Question about SIMD Optimization #404

Closed pati-ni closed 1 year ago

pati-ni commented 1 year ago

According to this guide to get these optimizations when working with native armadillo library we need to pass compiler parameters. How does this translate to RcppArmadillo? Are these optimizations already enabled?

eddelbuettel commented 1 year ago

RcppArmadillo is header-only (apart from the example / illustration that is fastLm()) so it is up to your package to organize its compiler flags.

The default configuration we set in the RcppArmadillo headers in order to wrap and set up for R use should not get in the way. If you find otherwise, let us know!

Demos with SIMD turned on would be welcome, this may make for a nice post at the Rcpp Gallery. Maybe you can write something up?

pati-ni commented 1 year ago

After performing some benchmarks independently (outside of R) with Rcpp and RcppArmadillo it looks like that the proposed optimizations do not make a difference on a fairly recent compiler (gcc 12) with C++14.

If I link with -O0 which significantly slows down the benchmark. However I did not look into the assembly to determine which conditions use or do not use SIMD commands. Since C++ compilation in R by default has -O1 I do not think there are a lot to benefit from a guide. Feel free to close the issue.

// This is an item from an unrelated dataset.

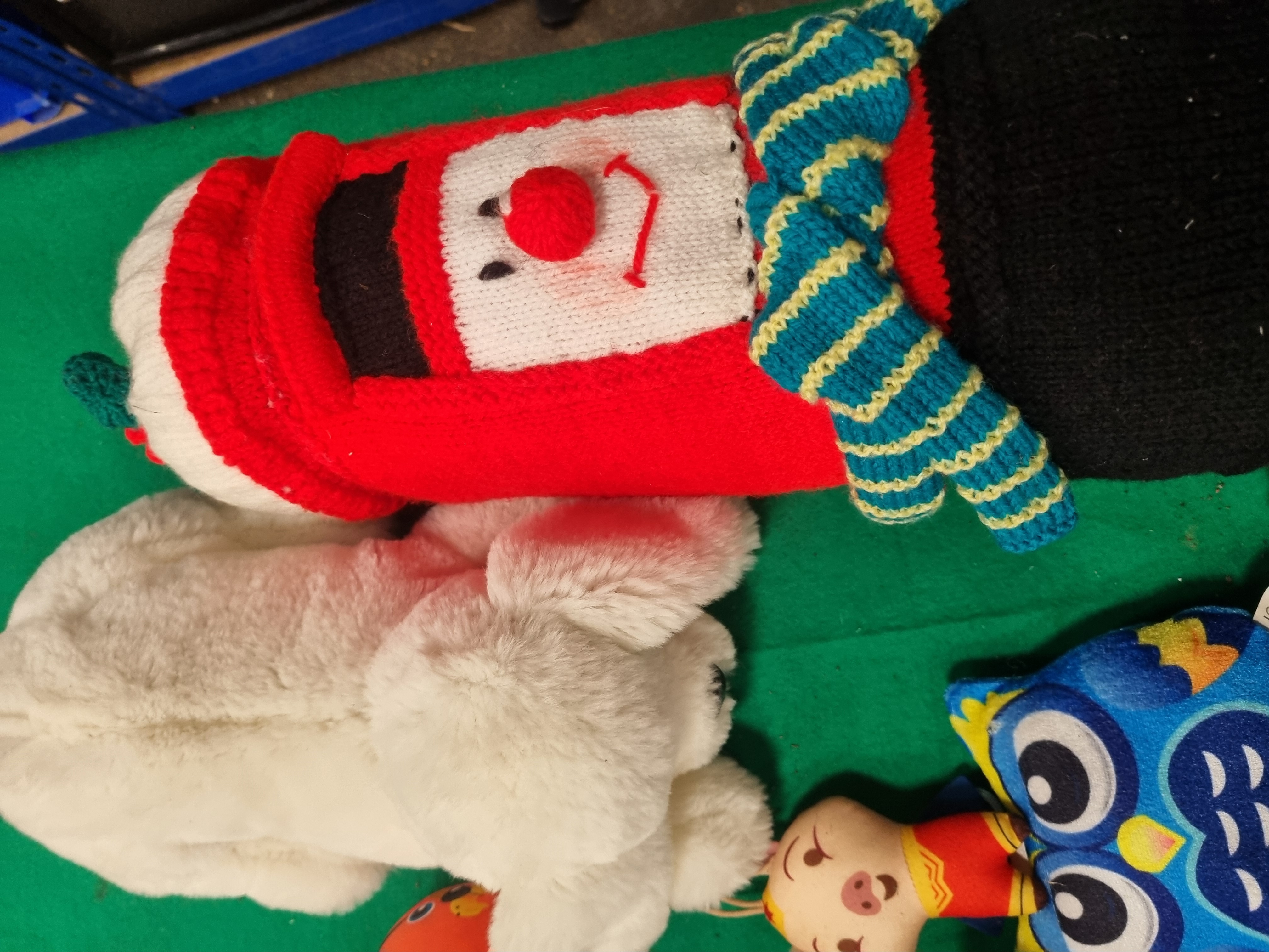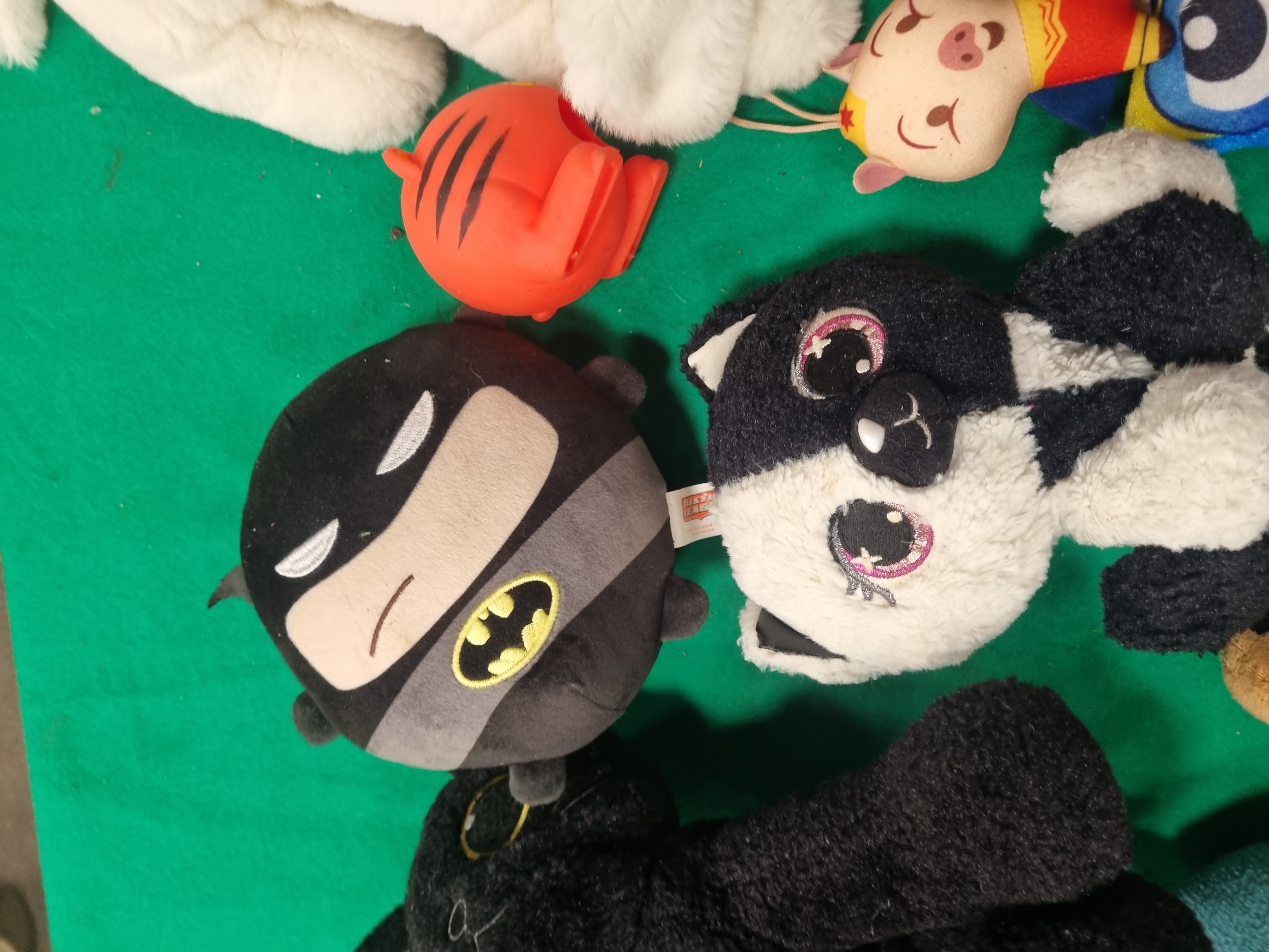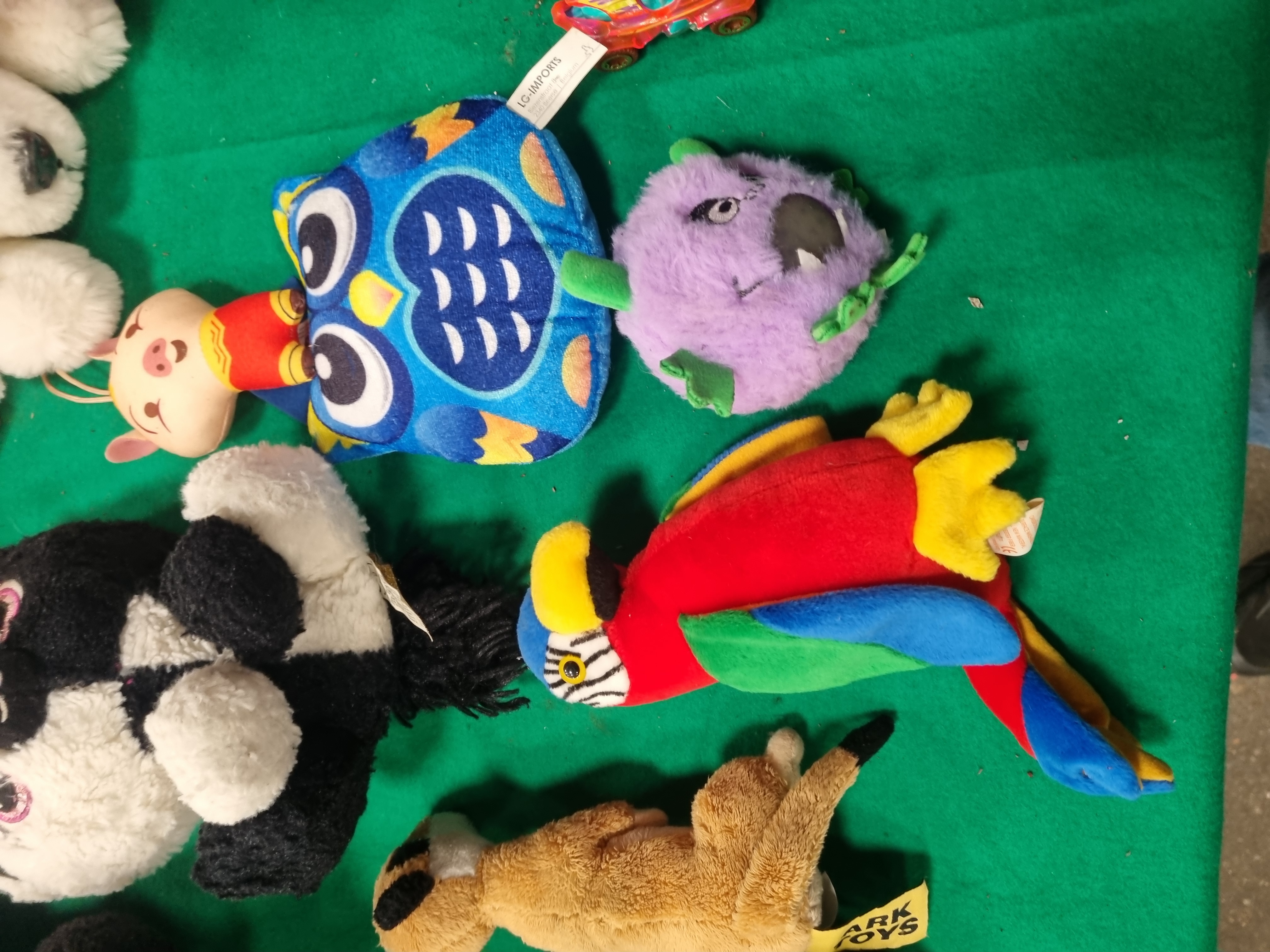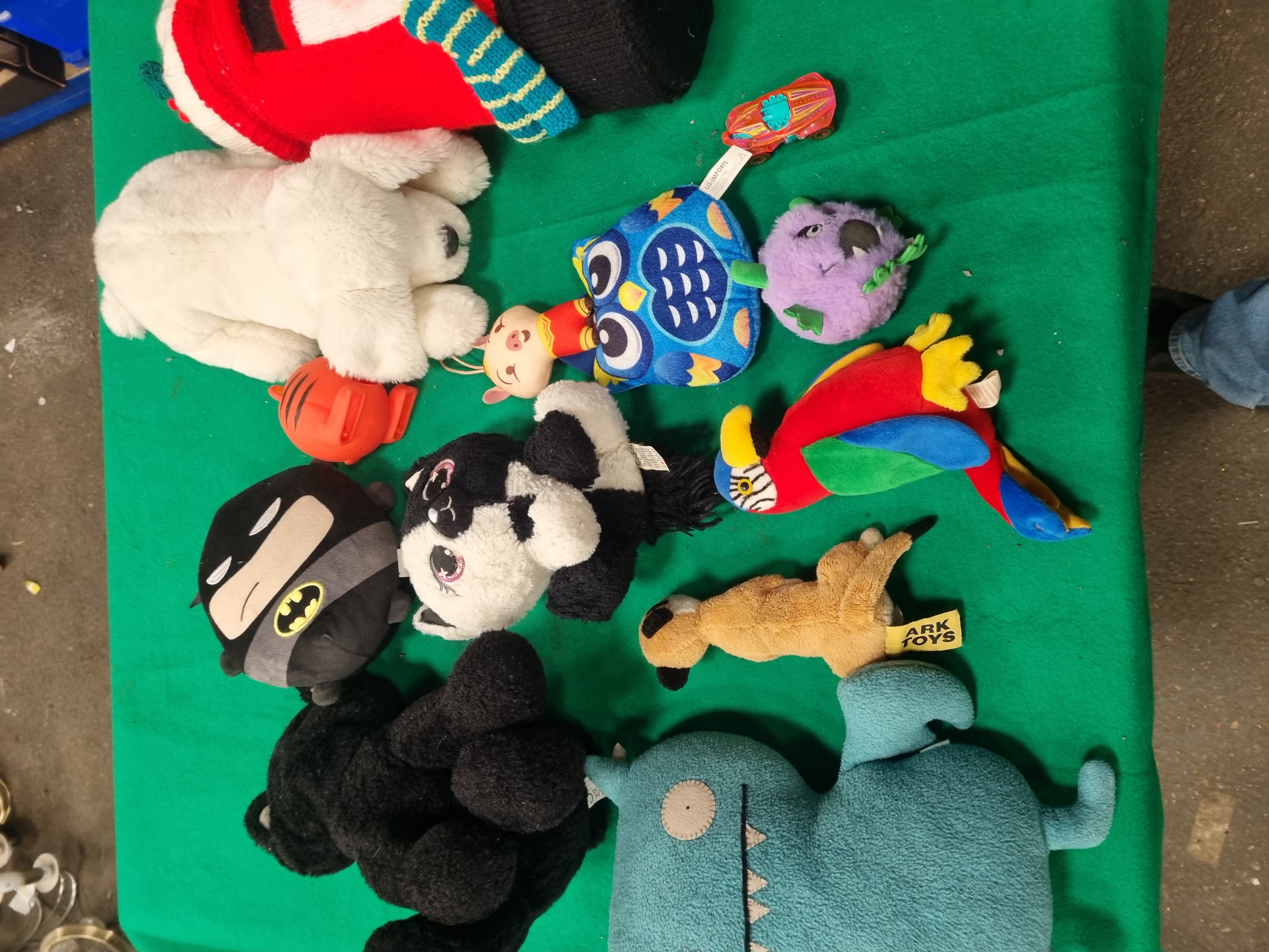 An assortment of contemporary plush toys and soft novelties featuring various licensed and generic characters. The collection includes a Batman plush with a Just Play manufacturer tag, a small Wonder Woman plush, and a teal-coloured monster with felt features in the style of an Uglydoll. Animal-themed items include a multi-coloured parrot, a large white plush polar bear or dog, a black and white animal with large glitter eyes, a purple grumpy creature, and a brown meerkat with an Ark Toys cloth tag. Also present is a stylised blue owl by LG-Imports, an orange moulded plastic tiger-striped item, a small patterned toy vehicle, and a long knitted novelty item in red, white, and black with a blue and green striped scarf. Materials consist primarily of synthetic fabric and plush, with some items featuring plastic components. Several pieces retain original manufacturer labels.

eddelbuettel commented 1 year ago

I had a similar hunch based on the work we have done with RcppSimdJson (which is crazy fast thanks to really well engineered code inside). But it does not require 'magic switches' -- the modern compiler mostly know already. So yes: -O2 or -O3 coupled with -march=native will (on suitable modern hardware) already all that is there and the package should not leave anything behind. Which, I think, your tests confirmed. So closing this.